**WHAT YOU ARE ASKED TO DO:** Your answer should be only the lines below from the one with "本届论坛年会围绕人工智能艺术" to the one with "Poetické divadlo E.", repeated exactly, ends included.

START STORED DATA

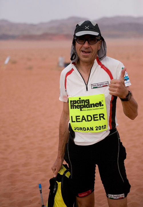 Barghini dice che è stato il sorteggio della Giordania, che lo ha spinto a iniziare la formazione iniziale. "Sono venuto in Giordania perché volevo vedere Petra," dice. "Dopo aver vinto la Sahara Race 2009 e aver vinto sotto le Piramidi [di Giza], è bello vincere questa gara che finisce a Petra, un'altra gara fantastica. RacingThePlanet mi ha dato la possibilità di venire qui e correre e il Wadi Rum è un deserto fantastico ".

END STORED DATA
START STORED DATA

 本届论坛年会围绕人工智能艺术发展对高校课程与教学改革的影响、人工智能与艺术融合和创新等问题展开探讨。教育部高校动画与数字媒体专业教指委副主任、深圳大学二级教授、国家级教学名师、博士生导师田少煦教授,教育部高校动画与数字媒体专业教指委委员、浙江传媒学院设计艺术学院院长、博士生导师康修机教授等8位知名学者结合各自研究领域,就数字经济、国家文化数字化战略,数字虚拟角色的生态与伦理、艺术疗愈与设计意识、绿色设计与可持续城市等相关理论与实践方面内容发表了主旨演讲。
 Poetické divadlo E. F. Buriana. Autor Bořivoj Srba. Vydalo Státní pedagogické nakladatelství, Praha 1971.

END STORED DATA

**ANSWER SPACE:**
 本届论坛年会围绕人工智能艺术发展对高校课程与教学改革的影响、人工智能与艺术融合和创新等问题展开探讨。教育部高校动画与数字媒体专业教指委副主任、深圳大学二级教授、国家级教学名师、博士生导师田少煦教授,教育部高校动画与数字媒体专业教指委委员、浙江传媒学院设计艺术学院院长、博士生导师康修机教授等8位知名学者结合各自研究领域,就数字经济、国家文化数字化战略,数字虚拟角色的生态与伦理、艺术疗愈与设计意识、绿色设计与可持续城市等相关理论与实践方面内容发表了主旨演讲。
 Poetické divadlo E. F. Buriana. Autor Bořivoj Srba. Vydalo Státní pedagogické nakladatelství, Praha 1971.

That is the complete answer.